→ Exercise
What you should give back is a precise copy of the lines below from the one containing "解答:解:根据题意可知,自由" through the one containing "KG์๋์ ๋ด์ผ์ทจ์ ์ฝ์นญ", with no pictures.

→ Source material
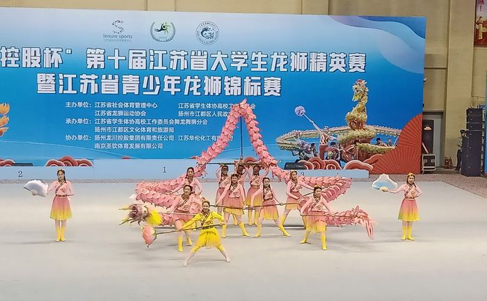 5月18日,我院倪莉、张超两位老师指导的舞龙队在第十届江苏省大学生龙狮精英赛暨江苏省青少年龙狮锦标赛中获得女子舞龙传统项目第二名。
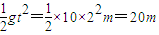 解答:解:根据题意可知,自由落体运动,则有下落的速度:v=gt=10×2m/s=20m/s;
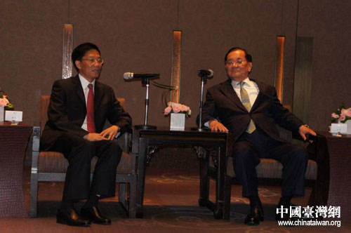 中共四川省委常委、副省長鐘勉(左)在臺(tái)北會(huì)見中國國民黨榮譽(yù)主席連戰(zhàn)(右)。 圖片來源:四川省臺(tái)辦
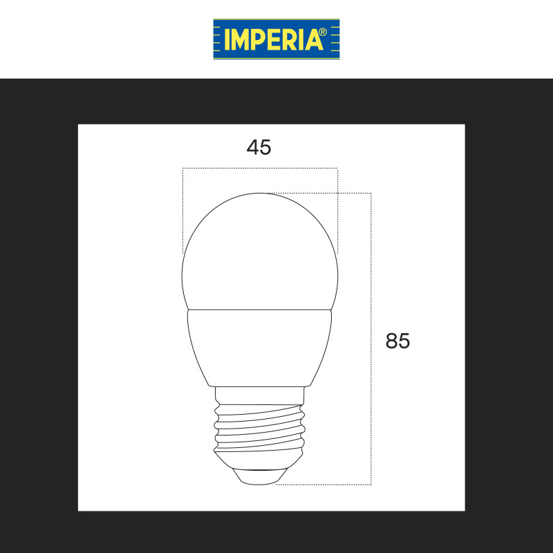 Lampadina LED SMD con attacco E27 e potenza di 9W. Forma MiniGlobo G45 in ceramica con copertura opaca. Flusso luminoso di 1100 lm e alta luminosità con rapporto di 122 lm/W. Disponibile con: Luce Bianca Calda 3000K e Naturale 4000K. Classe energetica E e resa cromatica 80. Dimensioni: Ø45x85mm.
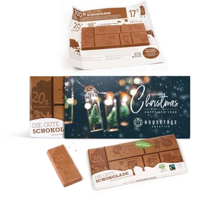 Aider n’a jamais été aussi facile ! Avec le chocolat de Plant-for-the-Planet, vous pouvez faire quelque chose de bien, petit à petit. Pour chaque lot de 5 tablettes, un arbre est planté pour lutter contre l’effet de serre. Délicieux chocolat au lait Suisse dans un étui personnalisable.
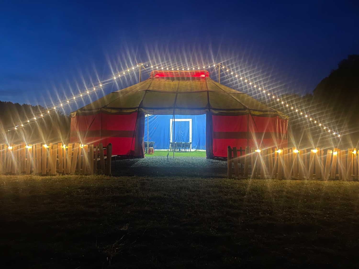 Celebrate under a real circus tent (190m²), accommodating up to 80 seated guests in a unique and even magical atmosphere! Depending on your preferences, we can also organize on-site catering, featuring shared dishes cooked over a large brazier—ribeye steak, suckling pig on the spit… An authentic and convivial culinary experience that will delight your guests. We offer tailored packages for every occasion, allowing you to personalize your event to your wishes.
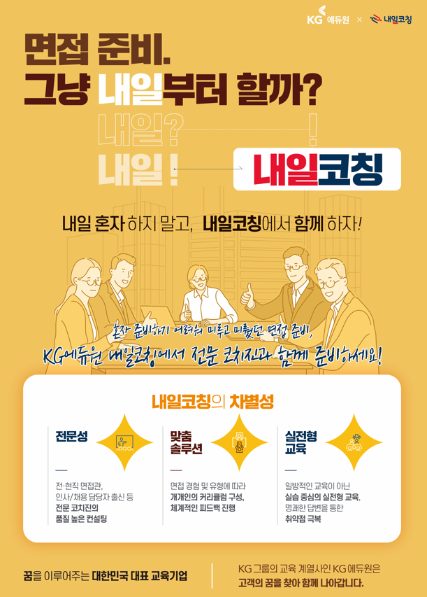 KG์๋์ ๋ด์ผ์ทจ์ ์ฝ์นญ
==
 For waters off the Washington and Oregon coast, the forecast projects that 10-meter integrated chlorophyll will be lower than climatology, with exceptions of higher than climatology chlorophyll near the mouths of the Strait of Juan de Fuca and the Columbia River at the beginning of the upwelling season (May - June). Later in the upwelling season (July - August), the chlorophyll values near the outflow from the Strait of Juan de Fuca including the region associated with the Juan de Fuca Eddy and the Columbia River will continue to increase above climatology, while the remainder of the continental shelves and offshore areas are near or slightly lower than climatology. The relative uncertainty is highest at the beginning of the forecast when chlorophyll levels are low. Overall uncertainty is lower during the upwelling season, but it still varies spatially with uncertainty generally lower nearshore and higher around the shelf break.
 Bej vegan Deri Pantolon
---
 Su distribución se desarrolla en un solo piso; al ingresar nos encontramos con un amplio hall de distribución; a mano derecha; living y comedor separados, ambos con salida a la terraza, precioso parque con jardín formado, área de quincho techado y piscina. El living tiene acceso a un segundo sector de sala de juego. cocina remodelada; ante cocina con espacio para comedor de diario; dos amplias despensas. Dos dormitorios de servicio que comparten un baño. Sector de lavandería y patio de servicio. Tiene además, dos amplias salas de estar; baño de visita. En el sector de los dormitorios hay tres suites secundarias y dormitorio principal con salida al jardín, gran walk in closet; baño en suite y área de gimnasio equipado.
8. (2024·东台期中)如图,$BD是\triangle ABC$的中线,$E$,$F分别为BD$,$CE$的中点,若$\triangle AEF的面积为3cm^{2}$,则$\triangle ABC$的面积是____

→ Solution
 解答:解:根据题意可知,自由落体运动,则有下落的速度:v=gt=10×2m/s=20m/s;
 中共四川省委常委、副省長鐘勉(左)在臺(tái)北會(huì)見中國國民黨榮譽(yù)主席連戰(zhàn)(右)。 圖片來源:四川省臺(tái)辦
 Lampadina LED SMD con attacco E27 e potenza di 9W. Forma MiniGlobo G45 in ceramica con copertura opaca. Flusso luminoso di 1100 lm e alta luminosità con rapporto di 122 lm/W. Disponibile con: Luce Bianca Calda 3000K e Naturale 4000K. Classe energetica E e resa cromatica 80. Dimensioni: Ø45x85mm.
 Aider n’a jamais été aussi facile ! Avec le chocolat de Plant-for-the-Planet, vous pouvez faire quelque chose de bien, petit à petit. Pour chaque lot de 5 tablettes, un arbre est planté pour lutter contre l’effet de serre. Délicieux chocolat au lait Suisse dans un étui personnalisable.
 Celebrate under a real circus tent (190m²), accommodating up to 80 seated guests in a unique and even magical atmosphere! Depending on your preferences, we can also organize on-site catering, featuring shared dishes cooked over a large brazier—ribeye steak, suckling pig on the spit… An authentic and convivial culinary experience that will delight your guests. We offer tailored packages for every occasion, allowing you to personalize your event to your wishes.
 KG์๋์ ๋ด์ผ์ทจ์ ์ฝ์นญ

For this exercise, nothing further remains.